▸ Work request
All lines before the one containing "Visa policy of", plus that line itself, are to be printed exactly as they appear below.

########################################

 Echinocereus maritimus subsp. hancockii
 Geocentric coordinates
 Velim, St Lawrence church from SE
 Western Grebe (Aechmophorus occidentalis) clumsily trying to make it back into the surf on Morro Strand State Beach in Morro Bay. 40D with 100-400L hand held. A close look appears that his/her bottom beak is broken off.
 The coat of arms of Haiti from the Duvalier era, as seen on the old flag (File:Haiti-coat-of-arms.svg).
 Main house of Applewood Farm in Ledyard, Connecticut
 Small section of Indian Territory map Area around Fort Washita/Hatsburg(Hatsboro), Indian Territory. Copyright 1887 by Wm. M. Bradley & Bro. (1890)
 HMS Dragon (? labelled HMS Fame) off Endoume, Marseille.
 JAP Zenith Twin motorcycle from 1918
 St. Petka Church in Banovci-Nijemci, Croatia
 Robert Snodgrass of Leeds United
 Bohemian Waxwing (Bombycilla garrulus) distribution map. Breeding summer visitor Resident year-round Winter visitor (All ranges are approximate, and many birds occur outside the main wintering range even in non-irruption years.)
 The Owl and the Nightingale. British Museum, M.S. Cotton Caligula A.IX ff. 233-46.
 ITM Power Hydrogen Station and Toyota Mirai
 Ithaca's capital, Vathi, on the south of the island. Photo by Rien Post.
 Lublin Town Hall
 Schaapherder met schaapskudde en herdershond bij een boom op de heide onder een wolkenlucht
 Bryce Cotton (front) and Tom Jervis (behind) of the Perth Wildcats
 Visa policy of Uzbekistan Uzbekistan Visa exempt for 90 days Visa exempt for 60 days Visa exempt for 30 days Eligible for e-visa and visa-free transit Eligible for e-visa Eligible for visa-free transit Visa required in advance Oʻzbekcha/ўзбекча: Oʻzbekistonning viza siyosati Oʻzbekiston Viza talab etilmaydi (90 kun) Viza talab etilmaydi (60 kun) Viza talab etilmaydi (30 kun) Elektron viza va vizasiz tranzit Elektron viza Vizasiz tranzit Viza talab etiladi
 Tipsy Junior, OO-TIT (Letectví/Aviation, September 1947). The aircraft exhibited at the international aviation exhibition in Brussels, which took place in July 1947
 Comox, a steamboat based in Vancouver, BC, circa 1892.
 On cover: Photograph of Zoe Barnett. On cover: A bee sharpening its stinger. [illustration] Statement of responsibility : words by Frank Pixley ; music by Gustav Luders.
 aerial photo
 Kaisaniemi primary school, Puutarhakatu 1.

########################################

▸ Solution
 Echinocereus maritimus subsp. hancockii
 Geocentric coordinates
 Velim, St Lawrence church from SE
 Western Grebe (Aechmophorus occidentalis) clumsily trying to make it back into the surf on Morro Strand State Beach in Morro Bay. 40D with 100-400L hand held. A close look appears that his/her bottom beak is broken off.
 The coat of arms of Haiti from the Duvalier era, as seen on the old flag (File:Haiti-coat-of-arms.svg).
 Main house of Applewood Farm in Ledyard, Connecticut
 Small section of Indian Territory map Area around Fort Washita/Hatsburg(Hatsboro), Indian Territory. Copyright 1887 by Wm. M. Bradley & Bro. (1890)
 HMS Dragon (? labelled HMS Fame) off Endoume, Marseille.
 JAP Zenith Twin motorcycle from 1918
 St. Petka Church in Banovci-Nijemci, Croatia
 Robert Snodgrass of Leeds United
 Bohemian Waxwing (Bombycilla garrulus) distribution map. Breeding summer visitor Resident year-round Winter visitor (All ranges are approximate, and many birds occur outside the main wintering range even in non-irruption years.)
 The Owl and the Nightingale. British Museum, M.S. Cotton Caligula A.IX ff. 233-46.
 ITM Power Hydrogen Station and Toyota Mirai
 Ithaca's capital, Vathi, on the south of the island. Photo by Rien Post.
 Lublin Town Hall
 Schaapherder met schaapskudde en herdershond bij een boom op de heide onder een wolkenlucht
 Bryce Cotton (front) and Tom Jervis (behind) of the Perth Wildcats
 Visa policy of Uzbekistan Uzbekistan Visa exempt for 90 days Visa exempt for 60 days Visa exempt for 30 days Eligible for e-visa and visa-free transit Eligible for e-visa Eligible for visa-free transit Visa required in advance Oʻzbekcha/ўзбекча: Oʻzbekistonning viza siyosati Oʻzbekiston Viza talab etilmaydi (90 kun) Viza talab etilmaydi (60 kun) Viza talab etilmaydi (30 kun) Elektron viza va vizasiz tranzit Elektron viza Vizasiz tranzit Viza talab etiladi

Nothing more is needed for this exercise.